Similar continuous coordinates and slicing are also supported for ``Chart`` elements, such as ``Curve``s, but using a single index and allowing arbitrary irregular spacing, implemented in ``holoviews.elements.chart.Chart``.
They also work the same for the n-dimensional coordinates and slicing supported by the [container](Containers) types ``HoloMap``, ``NdLayout``, and ``NdOverlay``, implemented in ``holoviews.core.dimension.Dimensioned`` and again allowing arbitrary irregular spacing.
``QuadMesh`` elements are similar but allow more general types of mapping between the underlying array and the continuous space, with arbitrary spacing along each of the axes or even over the entire array.

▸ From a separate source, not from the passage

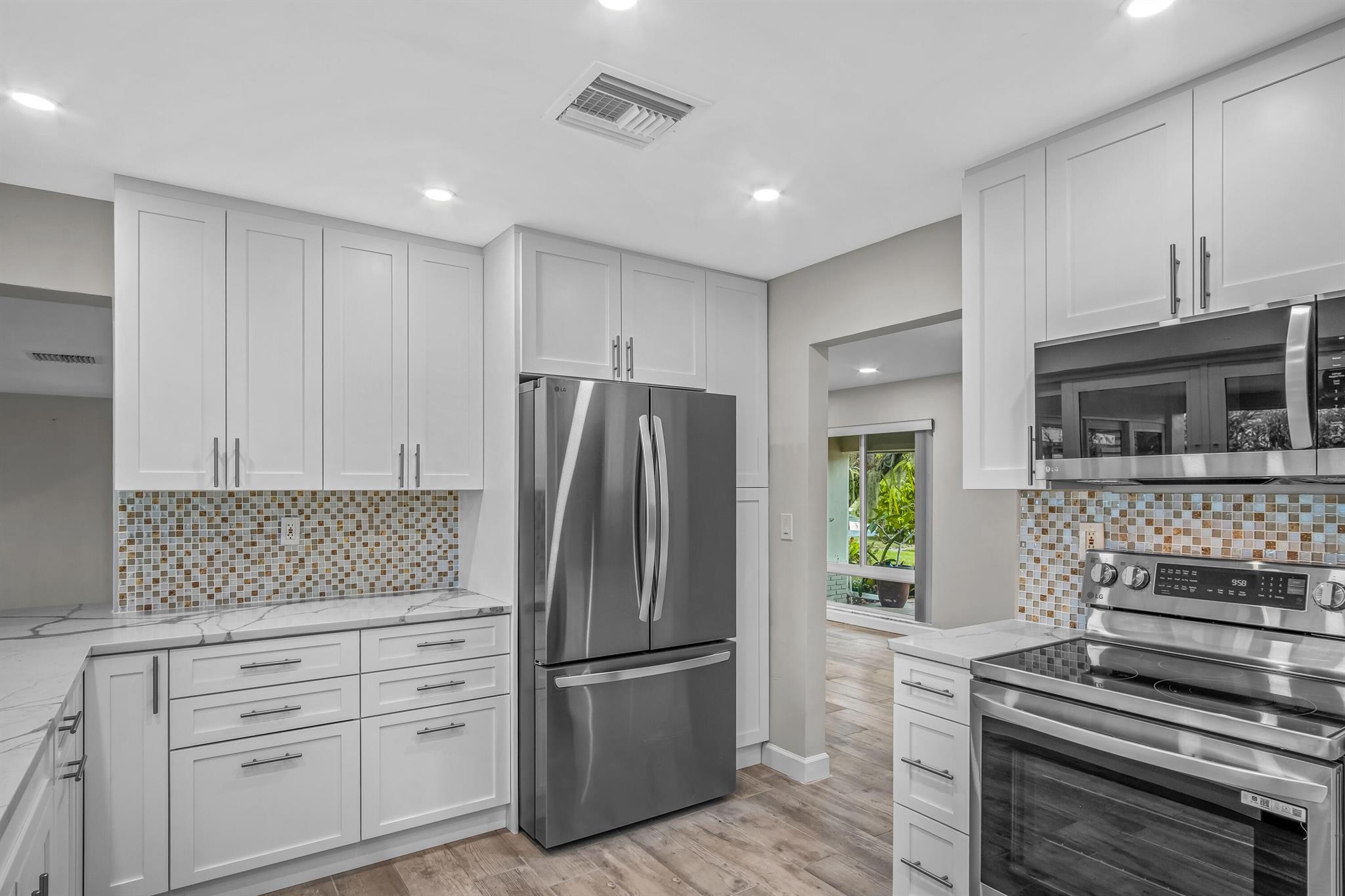 Newly renovated in Royal Oak Hills neighborhood. New kitchen with a lot of storage space, formal dining area, designated breakfast area, windows throughout the whole kitchen letting in lots of light! New flooring and bathrooms. Wide open floor plan connects the open family room to the Florida room with plantation shutters. Great inside/outside flow allowing for fantastic entertaining. Bonus room off the 2 car garage could be used as a small office or additional storage. This area is the heart of Boca Raton; zoned for one of the best schools in the area, safe and charming neighborhood with ambiance. Mere minutes to Downtown, Mizner Park, Sugar Sand Park (fantastic for kids), beach (Red Reef Park), multiple grocery stores. Easy access to I-95. This is the neighborhood you want to live in!

See the ``QuadMesh`` element for more details.
Together, these powerful continuous-coordinate indexing and slicing operations allow you to work naturally and simply in the full *n*-dimensional space that characterizes your data and parameter values.
## Sampling
The above examples focus on indexing and slicing, but as described in the [Indexing and Selecting](10-Indexing_and_Selecting.ipynb) user guide there is another related operation supported for continuous spaces, called sampling. Sampling is similar to indexing and slicing, in that all of them can reduce the dimensionality of your data, but sampling is implemented in a general way that applies for any of the 1D, 2D, or nD datatypes. For instance, if we take our 10&times;10 array from above, we can ask for the value at a given location, which will come back as a ``Table``, i.e. a dictionary with one (key,value) pair:
```python
e10=i10.sample(x=-0.275, y=0.2885)
e10.opts(height=75)
```
Similarly, if we ask for the value of a given *y* location in continuous space, we will get a ``Curve`` with the array row closest to that *y* value in the ``Image`` 2D array returned as arrays of `x` values and the corresponding *z* value from the image:
```python
r10=i10.sample(y=0.2885)
r10
```
The same sampling syntax can be used on HoloViews objects with any number of continuous-coordinate dimensions, in each case returning a HoloViews object of the correct dimensionality. This support for working in continuous spaces makes it much more natural to work with HoloViews objects than directly with the underlying raw Numpy arrays, but the raw data always remains available when needed.